Your answer must be the exact lines below, starting with the line with "Управляемый выпрямитель –" and going on through the line with "Deze muurbeugel zorgt", both included, with no pictures.

Supplied records:
----------

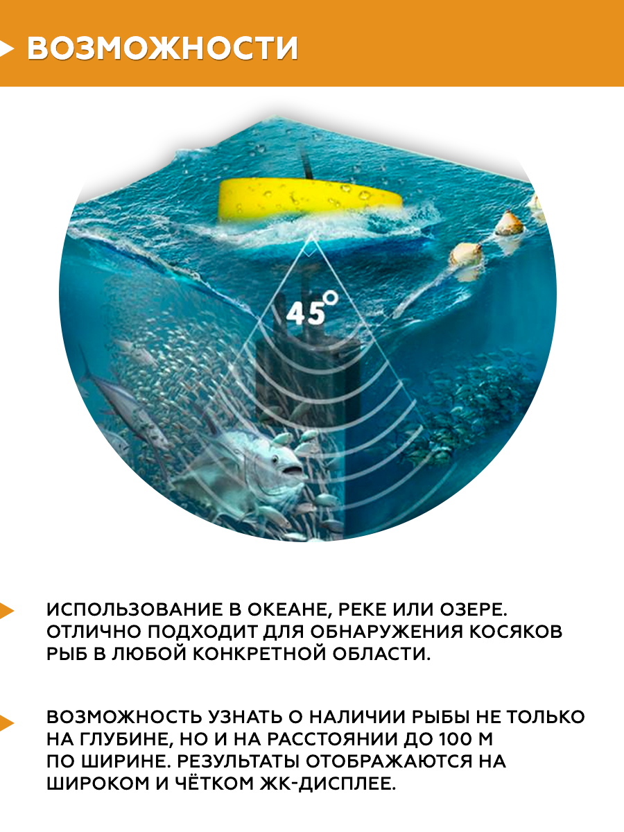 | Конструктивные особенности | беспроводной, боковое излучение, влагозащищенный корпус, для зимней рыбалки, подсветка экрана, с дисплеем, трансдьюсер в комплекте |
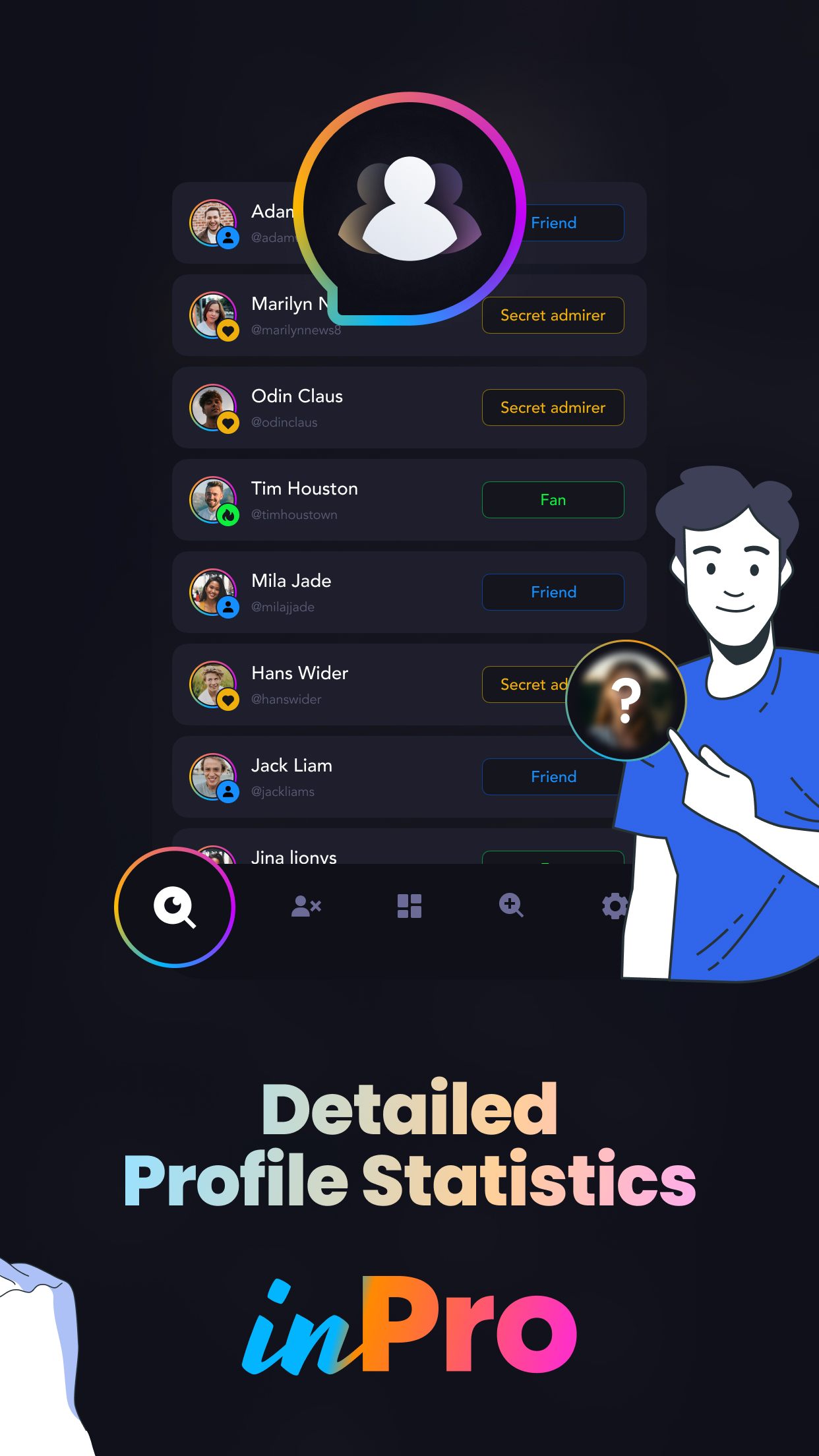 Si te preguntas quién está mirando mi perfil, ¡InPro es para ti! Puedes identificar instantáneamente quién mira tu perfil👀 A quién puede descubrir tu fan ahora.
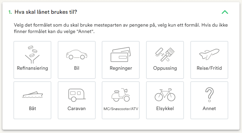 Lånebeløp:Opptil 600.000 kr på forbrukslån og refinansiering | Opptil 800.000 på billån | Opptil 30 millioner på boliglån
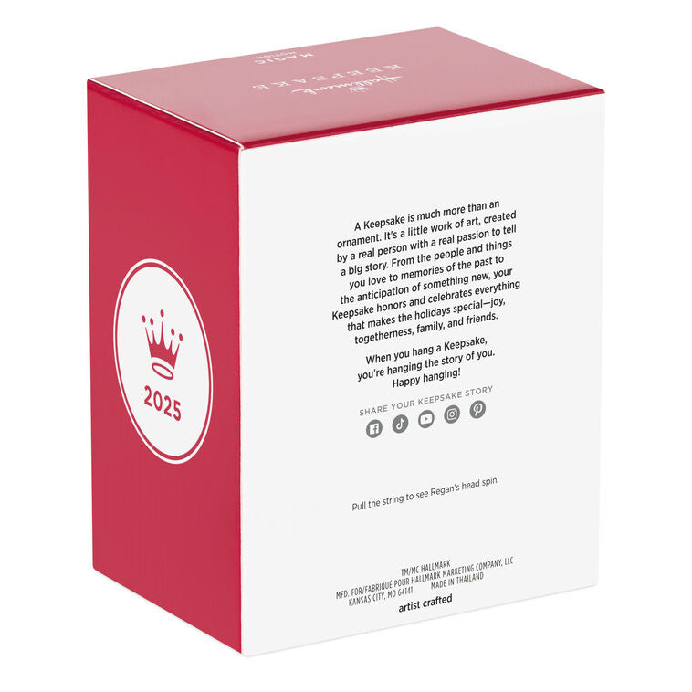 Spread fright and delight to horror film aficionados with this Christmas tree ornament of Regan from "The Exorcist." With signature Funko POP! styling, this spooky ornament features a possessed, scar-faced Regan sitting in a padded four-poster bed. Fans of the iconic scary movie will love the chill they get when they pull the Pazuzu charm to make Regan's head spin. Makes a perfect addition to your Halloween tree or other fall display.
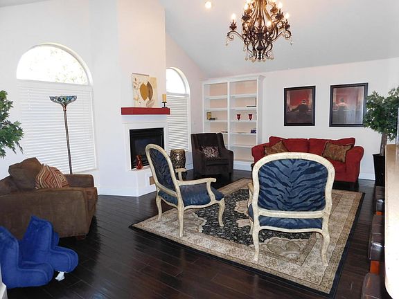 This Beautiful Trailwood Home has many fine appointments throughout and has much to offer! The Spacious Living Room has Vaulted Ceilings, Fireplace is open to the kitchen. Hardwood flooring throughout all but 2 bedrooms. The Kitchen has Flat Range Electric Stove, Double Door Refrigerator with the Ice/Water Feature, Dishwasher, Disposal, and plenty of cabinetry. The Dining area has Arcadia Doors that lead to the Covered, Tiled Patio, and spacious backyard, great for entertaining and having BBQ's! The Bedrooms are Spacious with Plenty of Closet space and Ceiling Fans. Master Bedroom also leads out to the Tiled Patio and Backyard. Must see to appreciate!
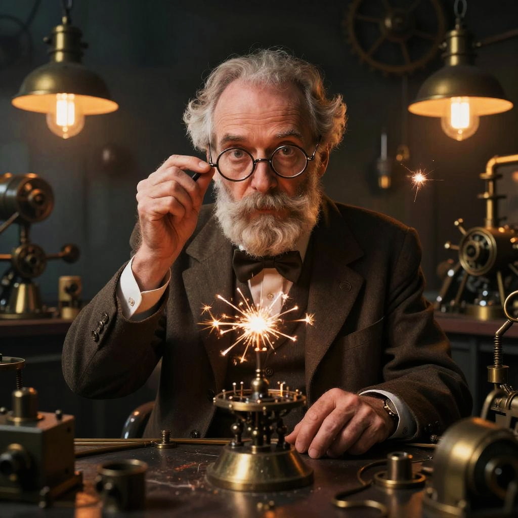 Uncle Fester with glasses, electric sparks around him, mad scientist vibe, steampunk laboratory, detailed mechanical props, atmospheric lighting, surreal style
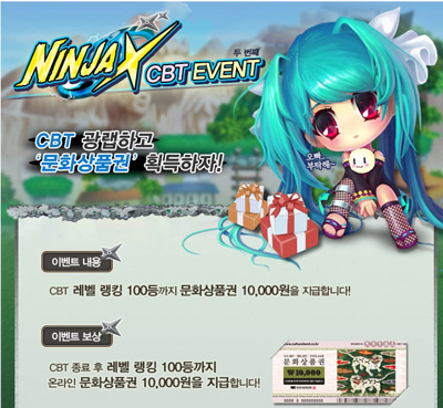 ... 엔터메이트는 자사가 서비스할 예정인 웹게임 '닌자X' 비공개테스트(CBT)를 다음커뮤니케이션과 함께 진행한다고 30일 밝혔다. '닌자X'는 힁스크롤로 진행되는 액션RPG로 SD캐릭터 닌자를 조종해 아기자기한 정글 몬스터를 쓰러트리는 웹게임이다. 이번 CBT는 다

----------

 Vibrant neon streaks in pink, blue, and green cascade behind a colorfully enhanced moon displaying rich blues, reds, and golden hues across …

----------

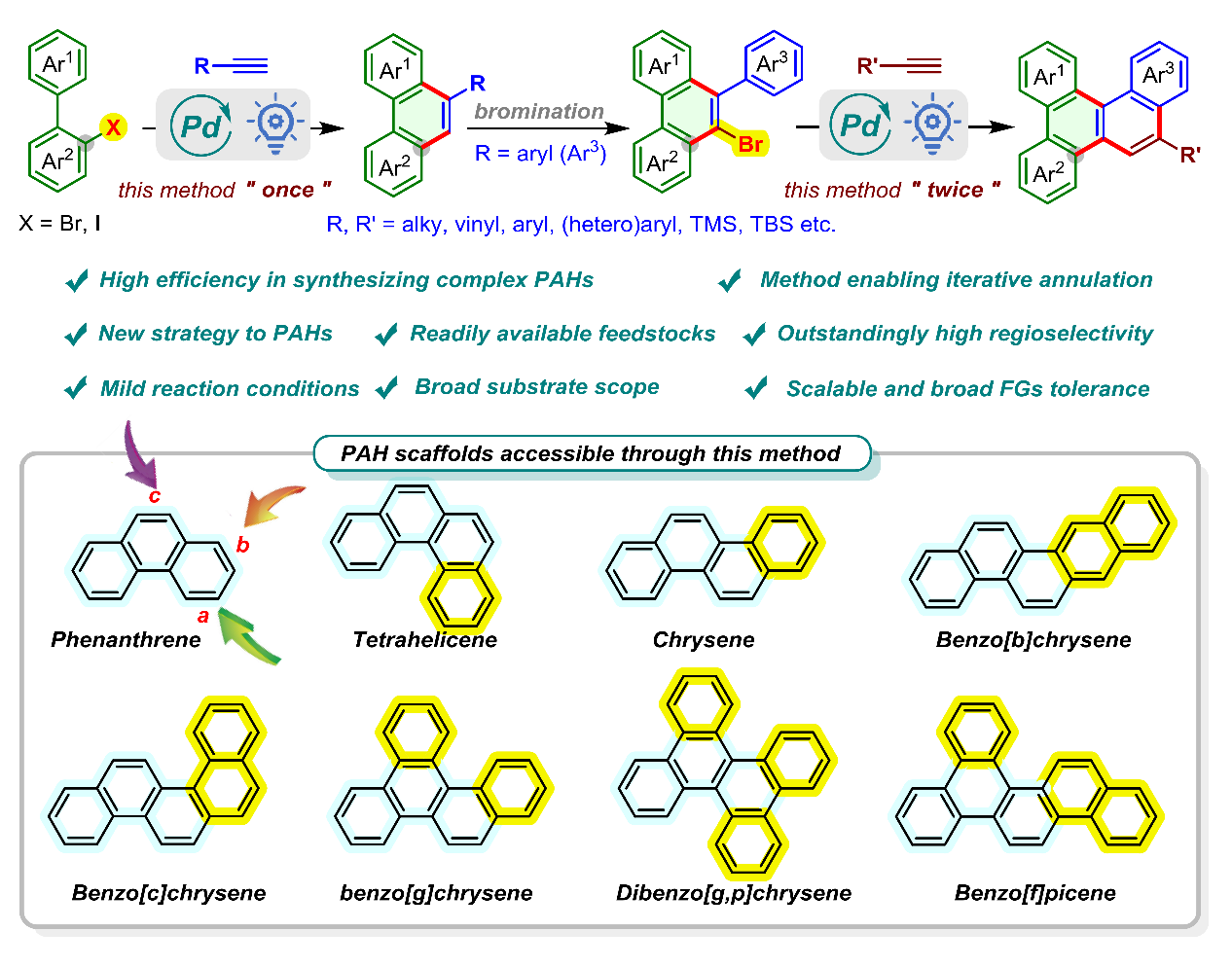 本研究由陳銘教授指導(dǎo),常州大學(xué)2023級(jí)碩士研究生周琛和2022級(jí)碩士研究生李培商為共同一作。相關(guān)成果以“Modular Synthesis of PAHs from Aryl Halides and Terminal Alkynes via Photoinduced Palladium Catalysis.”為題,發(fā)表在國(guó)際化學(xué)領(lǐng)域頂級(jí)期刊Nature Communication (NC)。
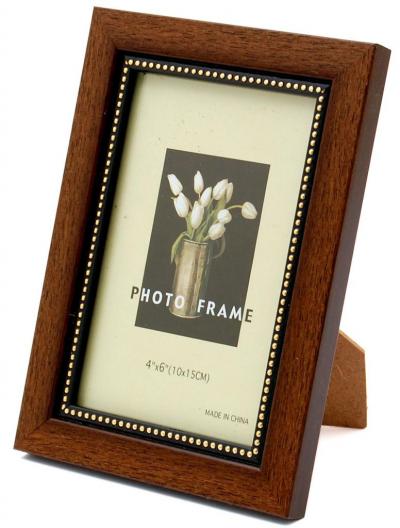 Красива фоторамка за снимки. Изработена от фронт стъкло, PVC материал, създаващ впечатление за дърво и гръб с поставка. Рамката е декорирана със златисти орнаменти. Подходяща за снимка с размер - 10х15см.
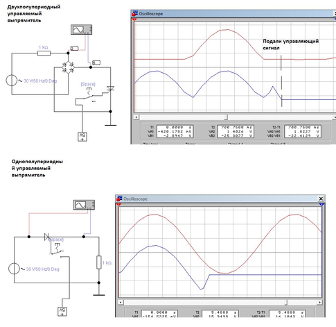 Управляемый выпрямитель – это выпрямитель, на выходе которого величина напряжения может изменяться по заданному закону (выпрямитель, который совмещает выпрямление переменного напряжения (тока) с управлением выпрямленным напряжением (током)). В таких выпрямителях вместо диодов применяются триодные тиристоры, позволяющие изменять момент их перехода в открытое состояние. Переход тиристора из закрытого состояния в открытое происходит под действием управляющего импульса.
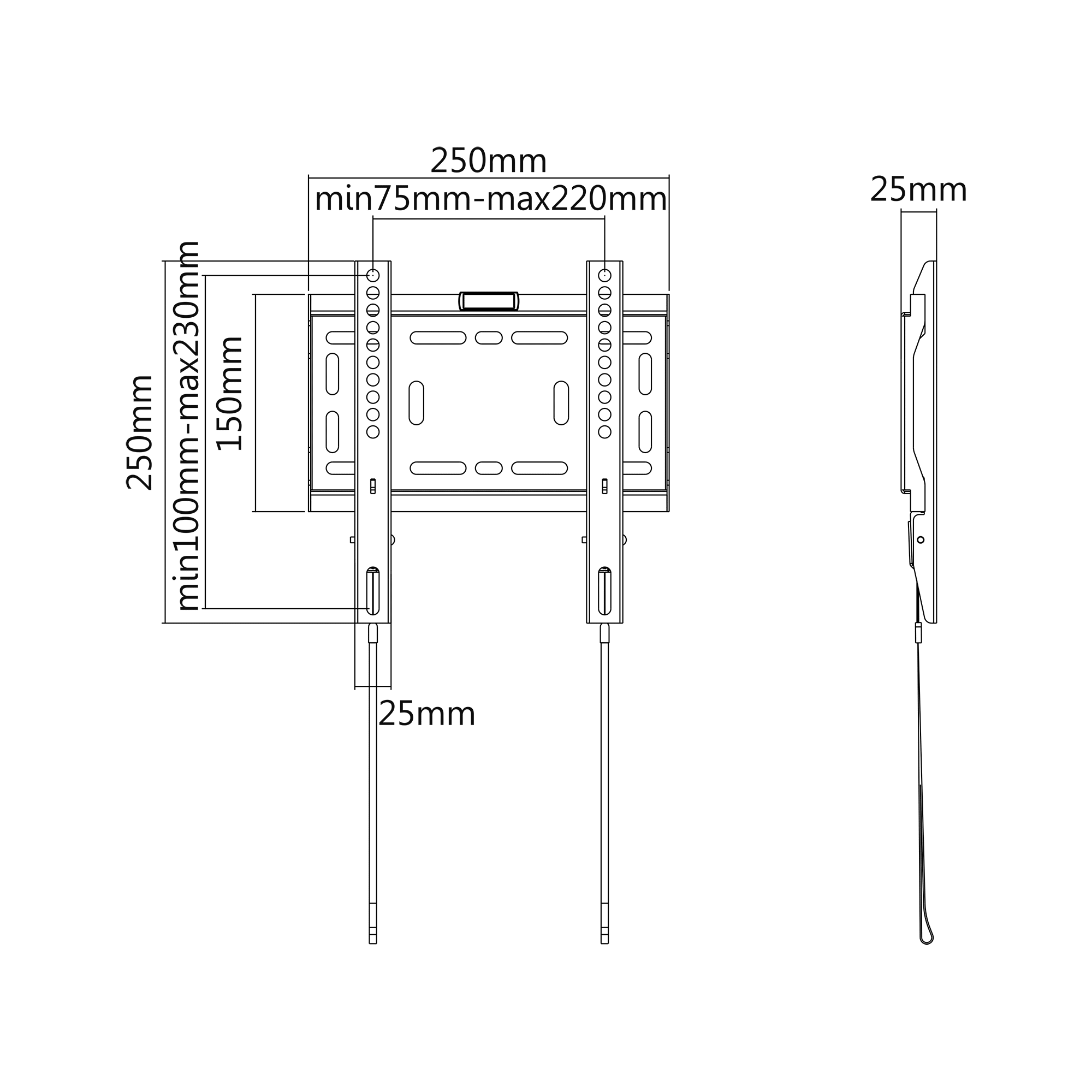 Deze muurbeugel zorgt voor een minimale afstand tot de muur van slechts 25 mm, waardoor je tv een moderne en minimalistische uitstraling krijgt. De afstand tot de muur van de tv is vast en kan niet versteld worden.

----------

Answer for this exercise:
 Управляемый выпрямитель – это выпрямитель, на выходе которого величина напряжения может изменяться по заданному закону (выпрямитель, который совмещает выпрямление переменного напряжения (тока) с управлением выпрямленным напряжением (током)). В таких выпрямителях вместо диодов применяются триодные тиристоры, позволяющие изменять момент их перехода в открытое состояние. Переход тиристора из закрытого состояния в открытое происходит под действием управляющего импульса.
 Deze muurbeugel zorgt voor een minimale afstand tot de muur van slechts 25 mm, waardoor je tv een moderne en minimalistische uitstraling krijgt. De afstand tot de muur van de tv is vast en kan niet versteld worden.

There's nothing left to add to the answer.